RAAT and MPD are really very different systems. One is a media player. The other is audio distribution infrastructure designed to produce interoperability across dozens of manufacturers + DIYers with the absolute minimum of required firmware updates in the wild.

RAAT uses a dynamically defined network protocol. This means that we can fix bugs and make improvements to code running on RAAT devices without waiting for each company to release firmware updates, and without forcing users to go through manual update processes. Dynamically defined network protocols present a different workload than inflexible “baked-in” protocols, and also a different workload than decoding media (which often benefits greatly from CPU features like MMX/SSE).

Exactly how each kind of thing plays out on each device varies based on too many factors.

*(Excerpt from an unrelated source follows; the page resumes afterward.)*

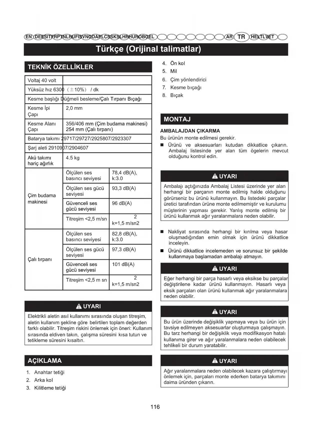 MONTAJ AMBALAJDAN ÇIKARMA Bu ürünün monte edilmesi gerekir. Ürünü ve aksesuarları kutudan dikkatlice çıkarın. Ambalaj listesinde yer alan tüm ögelerin mevcut olduğunu kontrol edin. UYARI Ambalajı açtığınızda Ambalaj Listesi üzerinde yer alan herhangi bir parçanın monte edilmiş halde olduğunu görürseniz bu ürünü kullanmayın. Bu listedeki parçalar üretici tarafından ürüne monte edilmemiştir ve kurulumu müşterinin yapması gerekir. Yanlış monte edilmiş bir ürünü kullanmak ağır yaralanmalara neden olabilir. Nakliyat sırasında herhangi bir kırılma veya hasar oluşmadığından emin olmak için ürünü dikkatlice inceleyin. Ürünü dikkatlice incelemeden ve sorunsuz bir şekilde kullanmaya başlamadan ambalajı atmayın. UYARI Eğer herhangi bir parça hasarlı veya eksikse bu parçalar değiştirilene kadar ürünü kullanmayın. Hasarlı veya eksik parçaları olan ürünü kullanmak ağır yaralanmalara neden olabilir. UYARI Bu ürün üzerinde değişiklik yapmaya veya bu ürün için tavsiye edilmeyen aksesuarlar oluşturmaya çalışmayın. Bu tarz herhangi bir değişiklik veya modikasyon hatalı kullanıma girer ve ağır yaralanmalara neden olabilecek tehlikeli bir durum yaratabilir. UYARI Ağır yaralanmalara neden olabilecek kazara çalıştırmayı önlemek için, parçaları monte ederken batarya takımını daima üründen çıkarın. 116Türkçe (Orijinal talimatlar)

The BDP-1, in particular, is somewhat unique among Roon Ready devices: it uses a rather primitive embedded x86 CPU. It is cache poor, and fairly archaic in its approaches to branch prediction, out-of-order execution, etc. It does have MMX, though. This combination of tradeoffs would make a workload like RAAT (primarily protocol unpacking, interpreting dynamic network protocol, packet reassembly) more challenging for that CPU than a workload like FLAC->ALSA (MMX and memcpy).

Overall, I don’t put huge stock in this sort of comparison. Assuming Bryston has done their job well, and I believe that they have, modest differences in CPU usage should not be allowed to impact the sound quality. There is a lot of “it depends” in constructing a test and measuring this sort of thing. I brought up “differences” in CPU usage patterns to draw attention to the fact that RAAT and MPD take extremely different approaches to audio playback, not to suggest a mechanism of causation for a particular anecdotal report.

This is a good overview of the design goals of RAAT.. It might be a little bit surprising how much non-audio-related stuff is required to make a protocol like this successful. Getting audio playback right is just table stakes.